President Morales signed the law on 24 October 2011, after about 1,000 protesters from the Amazon had participated in a 66-day march to La Paz, a dedicated 600-km effort to preserve their ancestral territory.
“The government knows it cannot decide on the future of our land without consulting us,” the governing party’s Movement to Socialism (MAS) indigenous lawmaker Pedro Nuni was quoted in Inter Press Service (IPS). “Native peoples have thought deeply about the defense of our territories.”
The $415 million, 177-km road would have been built across the Isiboro Secure National Park and Indigenous Territory (TIPNIS) and was supposed to be part of a highway that would transport resources from Brazil to the Pacific Ocean, maximizing travel time between cities.
Although news coverage has reflected the views of indigenous Bolivians who protested against the road, there are indigenous Bolivians who think a road through TIPNIS would have brought development to the community.    
Brief history of Bolivia
Bolivia is located in central area of South America.
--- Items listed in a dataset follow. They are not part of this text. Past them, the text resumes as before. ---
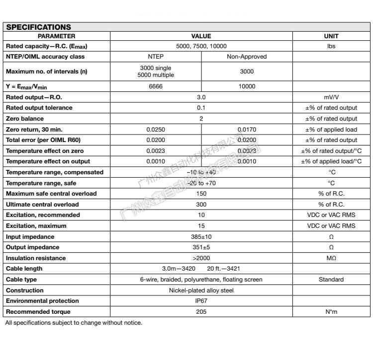 五、美國(guó)特迪亞 3420稱重傳感器產(chǎn)品技術(shù)參數(shù)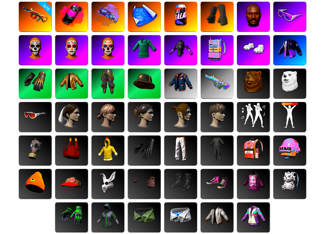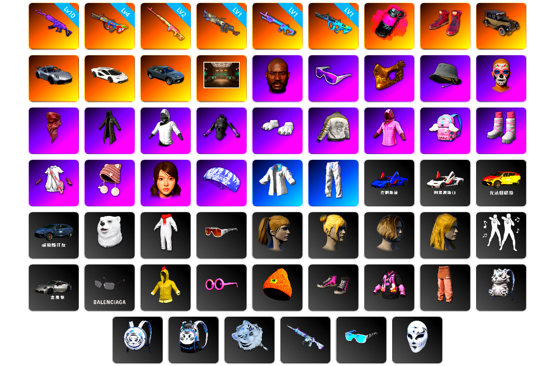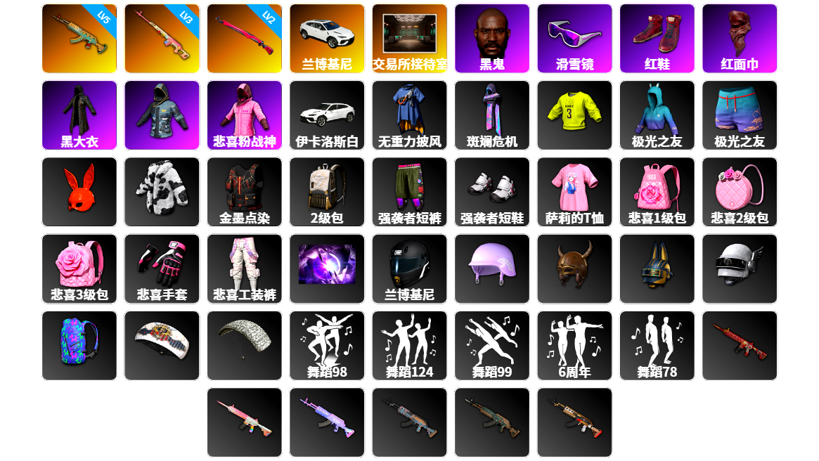 5级水麒麟 3级德拉贡 2级午夜惊魂98k 兰博基尼SUV 交易所接待室 黑鬼 滑雪镜 柏林鞋 红面巾 黑大衣 小战神 粉战神 车漆 悲喜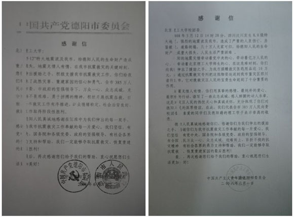 2008年6月1日中共德阳市委、德阳市人民政府通过传真向我校发来了感谢信。同日,共青团德阳市委也向我校团委发来了感谢信。5月13日-5月23日,校研究生会、学生会、社团联合会和延河之星志愿者服务总队。23日以后,考虑到大部分参加组织工作的工作人员都要准备期末考试,所以学生捐款地点转移到了校研究生会办公室,由值班人员在晚上一边学习一边接受学生捐款。到目前为止,我校学生捐款活动的全过程都保证有3名以上的工作人员在场,团委老师对募捐活动进行全程监督。所有款项都是在相关机构进行现场清点,确保整个捐款过程公开、透明。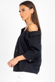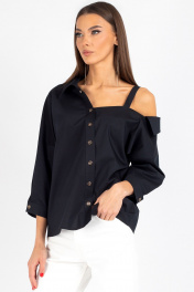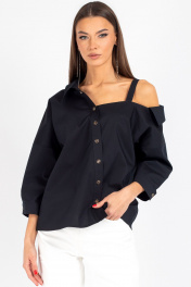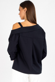 Блузка прямого силуэта со спущенным плечом. Горловина ассиметричная с воротником и бретелей на левом плече. Перед с косой застежкой на 6 петель и 7 пуговиц. Спинка с кокеткой и встречной складкой. Рукав 3/4 с манжетой на 1 петлю и пуговицу. Уход: бережная стирка при температуре не выше 30°С. "

Brazil borders the country’s north and east; Paraguay and Argentina border its south; Chile borders its southwest; and Peru borders its west.
The country has a population of about 10 million people, and considered the poorest country in South America with a poverty level at about 60 percent. As a multiethnic country, Bolivia includes Amerindians, or indigenous people, Mestizos, or people of both Spanish and indigenous ethnicities, Europeans, and Africans.
Spanish is the main language spoken, as the Spanish began colonizing the area in 1524; however, there are 36 indigenous languages that have been made official in Bolivia, Aymara and Quechua being the most common.
The Aymara are believed to have arrived in the area now known as Bolivia over 2,000 years ago and advanced into a civilization known as Tiwanaku, with as many as 1,482,000 people.
They created colonies, made trade agreements, and instituted an empire of states. Rather than getting rid of cultures, the Tiwanaku civilization included them into its own when expanding into the areas now known as Peru and Chile.
However, around AD 1000 the Tiwanaku civilization disappeared due to lacking food supply and the area of Bolivia remained uninhabited for centuries. When the Spanish came to the area, the Incas, who had expanded the area from 1438-1527, were the area’s habitants.
Indigenous people were used as the Spanish labor force, as silver was important to the colony in the late 16th century. In 1781, there was an indigenous rebellion that killed 20,000 people and by 1809 indigenous and non-indigenous people in the area were both struggling for independence from Spain.
In 1825, independence was proclaimed and the area was named Bolivia after Simon Bolivar, a Venezuelan military and political leader who fought for independence in parts of South America.
For the indigenous people, currently identified as over 62 percent of the country’s population, independence meant they would still have to struggle to keep their ancestral land, as Mestizos and other Bolivians born in the country felt more entitled to it.
Revolts were frequent until 1953 when the government discouraged identity with indigenous roots, rather focused its energy on identifying the rural indigenous people as “campesinos” (“peasants” in Spanish).
However, in the 1970s ethnic pride resurfaced and by the 1990s, there were indigenous people involved in local politics.
In 2005, Bolivia elected President Evo Morales as its first indigenous Aymara descendant to the presidency and in 2009 Bolivia became the first South American country to give indigenous people the right to govern themselves.
Yet, actions like the previously planned road through TIPNIS land symbolize Bolivian indigenous people’s continuous struggle for their rights.
What next?
Being a proponent for the road project, President Morales has had his reputation as a leading champion for the environment questioned.
President Morales seemingly signed the law banning the road because of the indigenous people’s pressure on the legislature, as they held a vigil outside the building the day the law was passed.
The IPS reported President Morales as saying the indigenous leaders would be responsible for explaining cancellation of the road project to the TIPNIS inhabitants that wanted the road built.
Though, news coverage has mostly reported on the inhabitants who did not want the road built.
“Let's continue forging ahead with the process of change, but without destroying the 'tierras comunitarias de origen' (‘communal lands’ in Spanish), and with full respect for the rights of indigenous peoples,” leader of the TIPNIS native communities Fernando Vargas was quoted in the IPS.
Mr. Vargas reportedly urged President Morales to build a country that conserves nature, suggesting that there will be future battles with Bolivian indigenous people over their land.